(26 de mayo de 1938, 22 de noviembre de 2021)
Habían suspendido las clases en la Universidad Central de Venezuela, en Caracas. El joven Lubio Cardozo andaba un poco perdido. Se preguntaba qué hacer, hacia dónde orientar su vida. En la gran ciudad se agolpaban sus estudios, sus amores, sus luchas, sus primeros poemas. Mientras abrían de nuevo la casa de estudios decidió regresar a Choroní. Ya su padre Alejandro se había mudado a Uraca, de Choroní hacia arriba. Lubio lo fue a visitar. Después de un rato de café y conversa, Lubio dijo que tenía calor y que le provocaba ir a echarse un baño en el pozo de las guanasnas. El señor Alejandro le pidió que tuviera cuidado con las culebras de agua, que no hacían daño pero asustaban.
Entrando a una hacienda llamada “El Tesoro”, muy productiva de café y cacao, a mano derecha, como a ochenta metros, había un pozo profundo que lo llamaban “el pozo de las guanasnas”, porque estaba rodeada de estas plantas, que son de la familia del cambur, cuya flor es amarillo crema, medio opalina.
El pozo no tenía arena en la orilla y había que tirarse a fondo.
Lubio fue bajando por el río mientras se desnudaba.
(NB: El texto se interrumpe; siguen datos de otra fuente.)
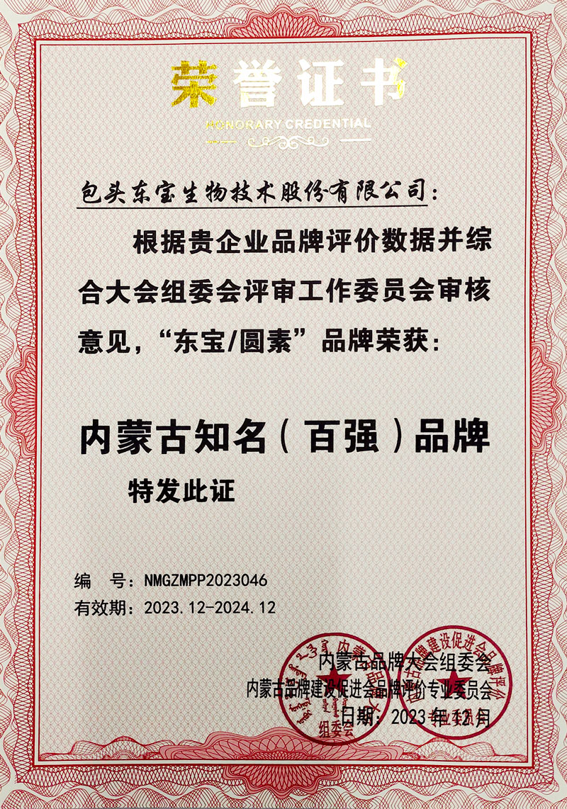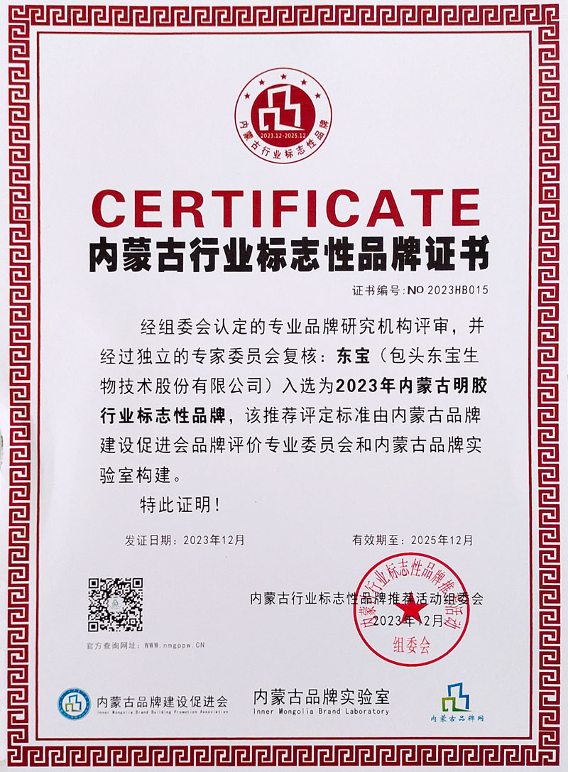 2023年12月28日,由內蒙古自治區發展和改革委員會、內蒙古自治區農牧廳指導,內蒙古品牌建設促進會主辦的第十屆內蒙古品牌大會,在呼和浩特市新城國賓北樓國宴廳隆重開幕。自治區工商業聯合會經濟部副部長和龍及各相關盟市、旗縣區政府、農牧局分管領導和市場科負責人,各高等院校特邀專家、行業商協會會長等知名區域公用品牌運營主體和企業品牌負責人等260余人參加了大會。東寶生物作為品牌代表企業參加了大會,除了品牌價值的認證評估外,大會同時也認定“東寶/圓素”為內蒙古知名(百強)品牌,公司入選為2023年內蒙古明膠行業標志性品牌企業。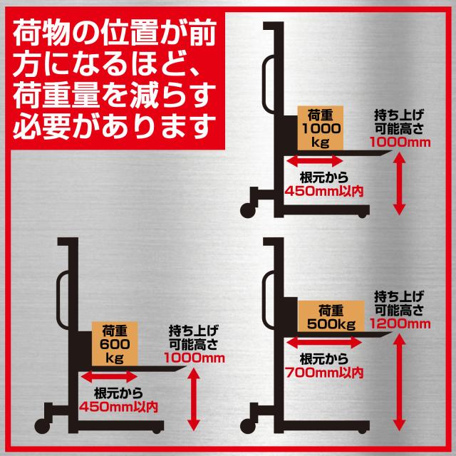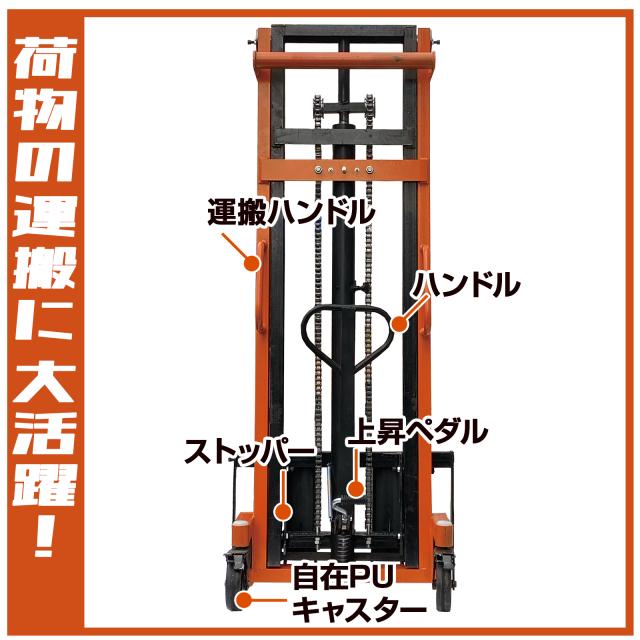 ハンドレバーを下ろすか上昇用ペダルを上下するとフォークが持ち上がります。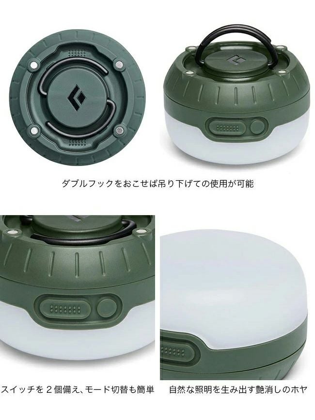 通常の照明に加え、レインボー、キャンプファイヤーといった演出照明を楽しめるランタン。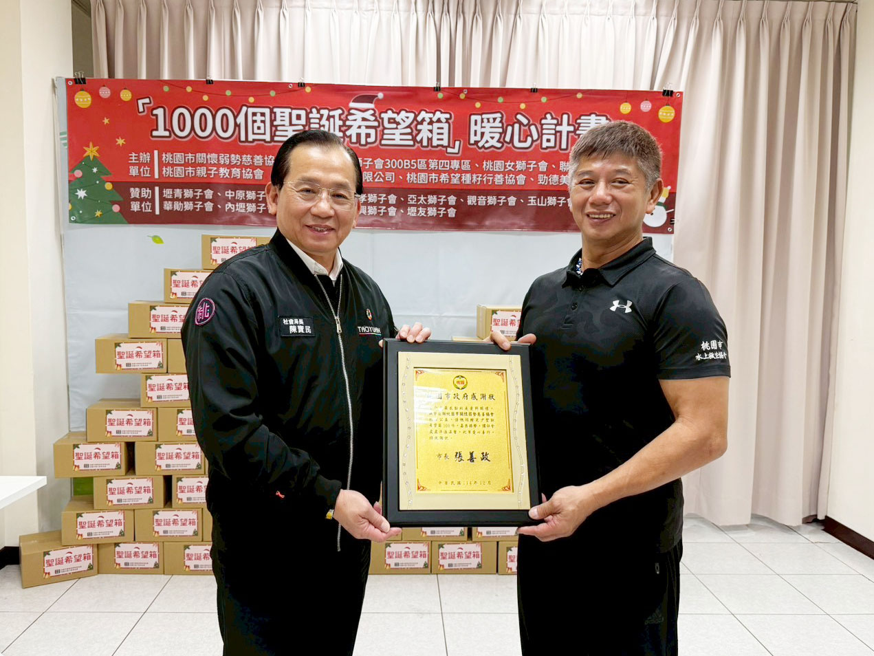 由桃園市關懷弱勢慈善協會與桃園市親子教育協會主辦的「聖誕希望箱・暖心計畫」,於 12 月 18 日舉行捐贈暨感謝儀式。活動中,宣布本次共募集 500 箱聖誕希望箱,由 桃園市政府社會局 陳寶民局長代表受贈,並將分送至桃園市各地「小衛星據點」弱勢兒少手中。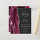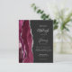 A borda esquerda deste elegante convite de casamento moderno apresenta uma cor d'água borrifada com borda cortada com cintilação falsa de prata. O texto personalizável combina a escrita manual de cinzas prateadas, fontes copperplate e itálico em um fundo fora do preto. O lado inverso apresenta um design de burgundy e agate prateado.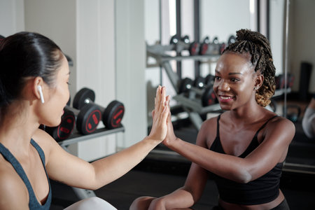 Happy pretty young woman giving high five to her fitness trainer after finishing training in gym

Se quedó en interiores y, para su sorpresa, cuando ya estaba cerca del pozo, se dio cuenta que se están bañando once muchachas, catiras todas, y desnudas, bellísimas. Lubio, como buen estudiante de literaturas clásicas, y “preparador” de latín y griego, lo primero que pensó fue en Catulo: “Endecasílabos del mundo uníos”.
Lubio dudó. Le dio pena molestarlas con su presencia. Consideró que era una imprudencia acercarse porque ellas estaban allí gozando, echándose agua unas con otras. Jugaban sumergidas y apenas, a veces, cuando saltaban, podían verse sus níveos pechos.
Lubio se figuró a los argonautas. Se acordó de Hylas. Cuando la cóncava nave Argo llegó al Helesponto todos estaban sedientos. Desembarcaron en la playa y Heracles encomendó al joven Hylas para que fuera con una vasija de bronce a buscar agua. Pronto advirtió una fuente en una hondonada. En medio del agua danzaban unas Náyades, desnudas, bellísimas, con ojos de primavera. Fue el mancebo con prisa a hundir la grande jarra en la fontana, y las divinas divinidades lo asieron de una mano, y le pidieron que se quedara con ellas. Hylas quiso quedarse pero recordó la misión, sus compañeros de viaje tenían sed y estaban sin agua. Las Náyades acogieron al lloroso joven en su regazo y lo consolaban con palabras tiernas. De pronto se escuchó la voz de Heracles, quien desesperado, gritaba: “¡Hylas!”. El doncel le respondió, pero su voz salió tenue del agua, antes de morir ahogado.
Lubio se sintió sediento. Pensó en qué tipo de sed tendrían sus compañeros de viaje. “Según los griegos, las Divinidades con los humanos casan”. Consideró que mejor sería bañarse en otro lado, en los pocitos que estaban más arriba, pero se quedó un rato más, viéndolas impresionado. Metió suavemente las manos en el río y, cuando estaba a punto de beber, una de las bellas jóvenes lo vio, se miraron, se reconocieron, ella lo acercó como con un zoom de una cámara, no lo delató con sus compañeras, le sonrió y se metió de nuevo en el agua.
Lentamente Lubio salió del río, y esa mirada nunca lo abandonó en toda su vida.
Era la mirada de Erató, la “Amable” o “Amorosa”, la musa de la poesía.